=== Your task ===
Please leave out pictures and print exactly the lines from the one that has "Sistema completo no" through the last line of the material below.

=== Data block ===
= Beginning of Section =

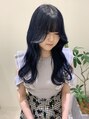 #天神美容室#ダブルカラー#ケアブリーチ#ネイビーブルー#ブルーブラック#顔まわりレイヤー#顔まわりカット#韓国ヘア#くびれヘア
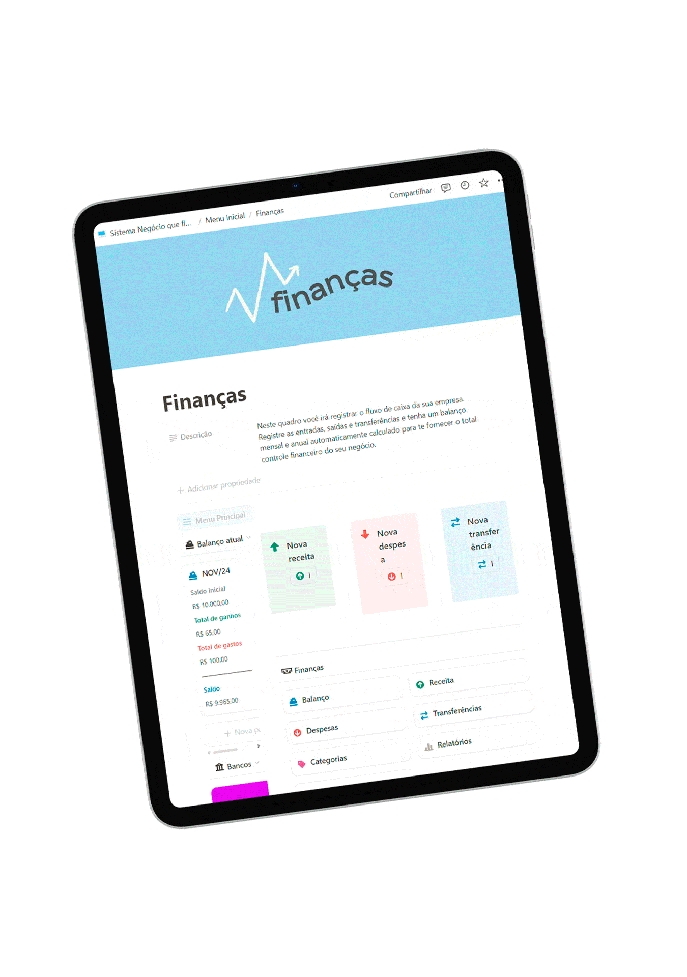 Sistema completo no notion pra fazer a gestão de todas as áreas do seu negócio num só lugar
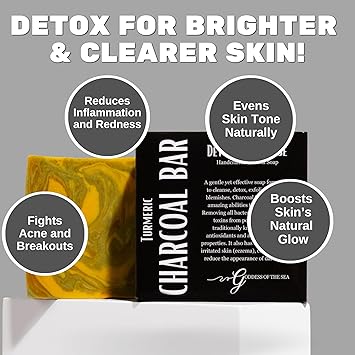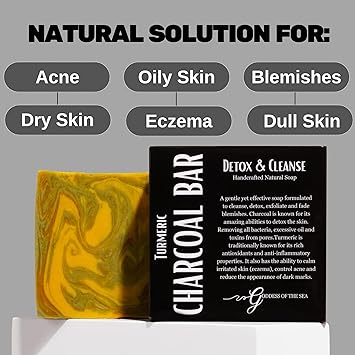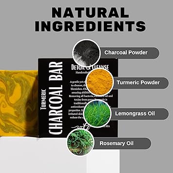 Turmeric Charcoal Bar - Natural Face & Body Soap for Acne, Dark Spots & Detox | Even Skin Tone | Deep Cleansing | Handmade, Organic, Vegan with Activated Charcoal & Turmeric (1)

= End of Section =

=== Solved exercise ===
 Sistema completo no notion pra fazer a gestão de todas as áreas do seu negócio num só lugar
 Turmeric Charcoal Bar - Natural Face & Body Soap for Acne, Dark Spots & Detox | Even Skin Tone | Deep Cleansing | Handmade, Organic, Vegan with Activated Charcoal & Turmeric (1)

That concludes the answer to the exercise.